Monday 5 January 2009

The Sunday Night Project: A Rant

Monday 5 January 2009
More fool me. I gave The Sunday Night Project another try last night, but it's still a hopelessly awful format. I like hosts Alan Carr and Justin Lee Collins (when he's not sticking his tongue out like a killer whale mid-laugh, that is), but SNP is a real stinker. Why? Well, personally, I just hate the whole guest-host idea. And that's the raison d'etre of SNP, sadly. There's nothing wrong with having celebrity guests, of course, but the fake way they have to pretend they're in charge of this shambles is terrible.

The guests with experience of presenting cope better (and can sometimes make an episode pass by relatively painlessly), but most guests are actors or presenters who look lost and half-embarrassed by the experience. I feel particularly sorry for the American celebs, who must be persuaded to star because of SNP's vague, tenuous link to Saturday Night Live (it has guests-hosts, the acronym's nearly the same.)

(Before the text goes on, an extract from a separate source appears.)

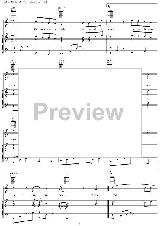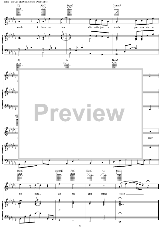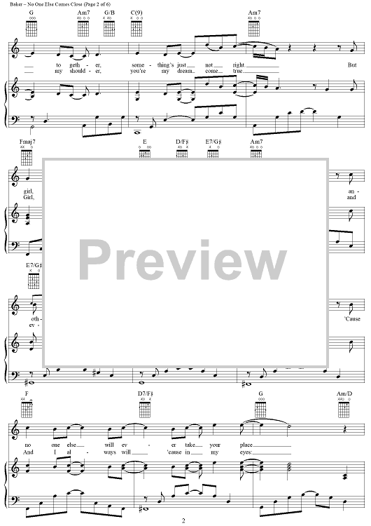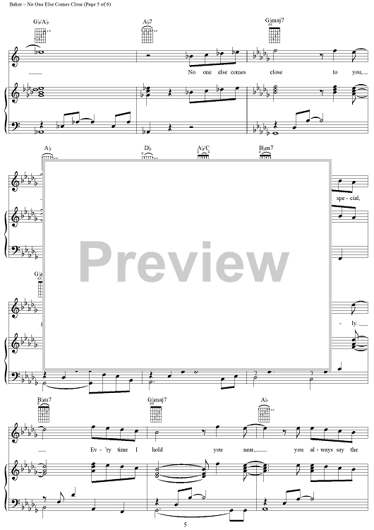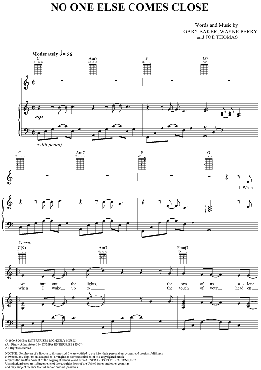 Digital Sheet Music for No One Else Comes Close by Gary Baker, Wayne Perry, Joe Thomas, Backstreet Boys scored for Piano/Vocal/Chords; id:275371

But even Brits who should know better turn up for this drek. Take Kirstie Allsopp and Phil Spencer last night (a thrilling, big-name start to this new series, no?) The Location, Location, Location presenters were actually good sports, but they only agreed to this because it's a way to plug their new series. It starts this week, funny that. Actually, most people on SNP are only there for publicity reasons. Jack Whitehall (the new presenter of Big Brother's Big Mouth) and last summer's Big Brother winner Rachel Rice made brief appearances, "coinciding" with the start of Celebrity Big Brother last Friday. Oh yes, if you have a Channel 4 show, SNP is where you go to tell the nation. Well, the lobotomised 18-30s.

Incidentally, does this Jack Whitehall fellow know his own age? He's 22. So how can he claim to have first masturbated to Dani Behr -- who was only ever a fanciable TV star in the early-'90s? The Word finished in 1995, so is he seriously expecting us to believe he cracked one off to Ms. Behr when he was 7?! He made other comments on BBBM that didn't fit with his age, and that irritated me -- more than it should, I admit. If you're 22; act like you're 22, and reference things accordingly. Don't pretend you were a teenager when the Britpop battle between Oasis and Blur was happening.

Anyway, back to SNP. It's other failing is that it has nothing interesting to do over a whole hour. Its brainwave begins and ends with the idea of getting celebs to "host" the show (i.e, read an autocue, and put up with ribald comments from Carr and JLC.) There are a few weak sketches (only comedians do well here), sometimes a half-decent hidden camera joke, a fake reporter sketch (the best bit, as Carr handles the comedy), a pointless electric-shock quiz about the guest-hosts, a Q&A segment where it's claimed the audience can ask the celebs "anything" (they can't), and music from a guest-band oddly kept out of sight on a platform above everyone's heads. They seem to have ditched the game-show element that used to come at the end, thankfully -- but, with nothing replacing it, SNP now crawls to a close without a big finale.

Does anyone actually enjoy this? Or even manage to get past the first ad-break? Carr and JLC can be very entertaining elsewhere in solo projects, but despite their friendly chemistry together on SNP, the show is just terrible, monotonous, unfunny dirge.